_WHAT THIS TASK INVOLVES_
Except for images, print the whole listing verbatim.

_DATA PROVIDED_
::::::
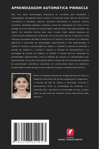 Este livro sobre aprendizagem automática foi concebido para estudantes e investigadores, abrangendo tópicos actuais e fornecendo bases teóricas, ferramentas conceptuais e aplicações práticas. Apresenta ferramentas e conceitos teóricos inovadores, abordando questões complexas e áreas de investigação em curso. O livro abrange técnicas avançadas de aprendizagem supervisionada, não supervisionada e de reforço com exemplos práticos para maior clareza. Cada capítulo baseia-se em conhecimentos fundamentais, começando com os princípios básicos no Capítulo 1 e uma visão geral abrangente de dados e estatísticas no Capítulo 2. Os Capítulos 3 e 4 exploram algoritmos e aplicações de aprendizagem supervisionada e não supervisionada. O Capítulo 5 introduz a aprendizagem por reforço, o Capítulo 6 centra-se na avaliação e seleção de modelos e o Capítulo 7 examina a afinação de hiperparâmetros e as estratégias de seleção de modelos. O Capítulo 8 aborda técnicas avançadas de aprendizagem supervisionada, como os métodos de conjunto e a aprendizagem auto-supervisionada. O livro tem como objetivo dotar os leitores de uma compreensão profunda da aprendizagem automática, assumindo um conhecimento básico de estatística, probabilidade e análise de algoritmos e enfatiza as provas e os fundamentos teóricos.
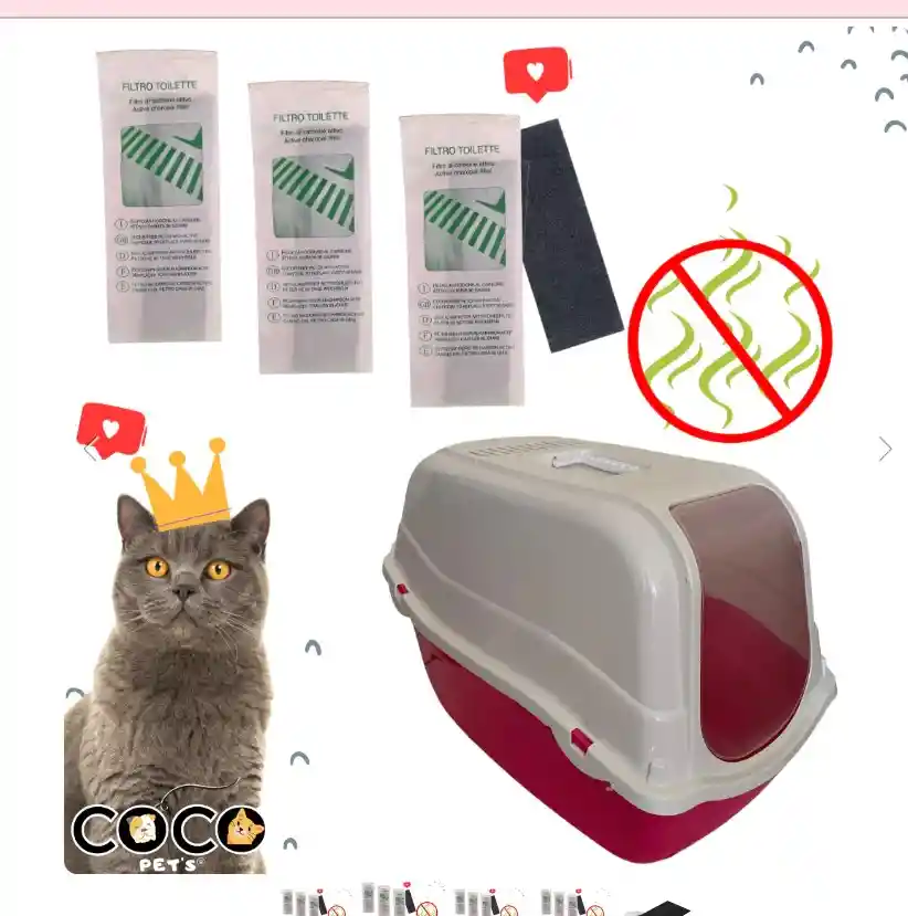 KIT BAÑO SANITARIO CUBIERTO ROMEO PARA GATOS + 3 FILTROSFUCSIA
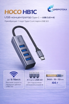 USB-концентратор HOCO HB1C — практичное решение для увеличения количества USB-портов на устройствах с разъемом Type-C.
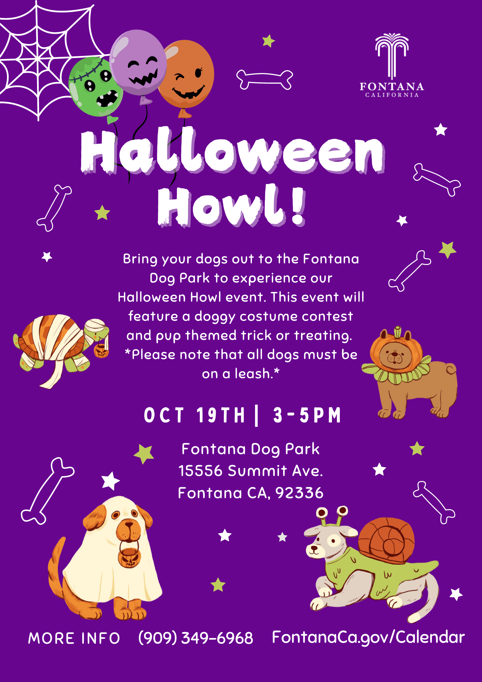 Bring your four-legged friends and Join the Community services dept. and enjoy this free event filed with treats, music and pet costume contest! hosted by the Heritage Neighborhood center at Fontana Dog Park.
::::::
_EXPECTED ANSWER_
 Este livro sobre aprendizagem automática foi concebido para estudantes e investigadores, abrangendo tópicos actuais e fornecendo bases teóricas, ferramentas conceptuais e aplicações práticas. Apresenta ferramentas e conceitos teóricos inovadores, abordando questões complexas e áreas de investigação em curso. O livro abrange técnicas avançadas de aprendizagem supervisionada, não supervisionada e de reforço com exemplos práticos para maior clareza. Cada capítulo baseia-se em conhecimentos fundamentais, começando com os princípios básicos no Capítulo 1 e uma visão geral abrangente de dados e estatísticas no Capítulo 2. Os Capítulos 3 e 4 exploram algoritmos e aplicações de aprendizagem supervisionada e não supervisionada. O Capítulo 5 introduz a aprendizagem por reforço, o Capítulo 6 centra-se na avaliação e seleção de modelos e o Capítulo 7 examina a afinação de hiperparâmetros e as estratégias de seleção de modelos. O Capítulo 8 aborda técnicas avançadas de aprendizagem supervisionada, como os métodos de conjunto e a aprendizagem auto-supervisionada. O livro tem como objetivo dotar os leitores de uma compreensão profunda da aprendizagem automática, assumindo um conhecimento básico de estatística, probabilidade e análise de algoritmos e enfatiza as provas e os fundamentos teóricos.
 KIT BAÑO SANITARIO CUBIERTO ROMEO PARA GATOS + 3 FILTROSFUCSIA
 USB-концентратор HOCO HB1C — практичное решение для увеличения количества USB-портов на устройствах с разъемом Type-C.
 Bring your four-legged friends and Join the Community services dept. and enjoy this free event filed with treats, music and pet costume contest! hosted by the Heritage Neighborhood center at Fontana Dog Park.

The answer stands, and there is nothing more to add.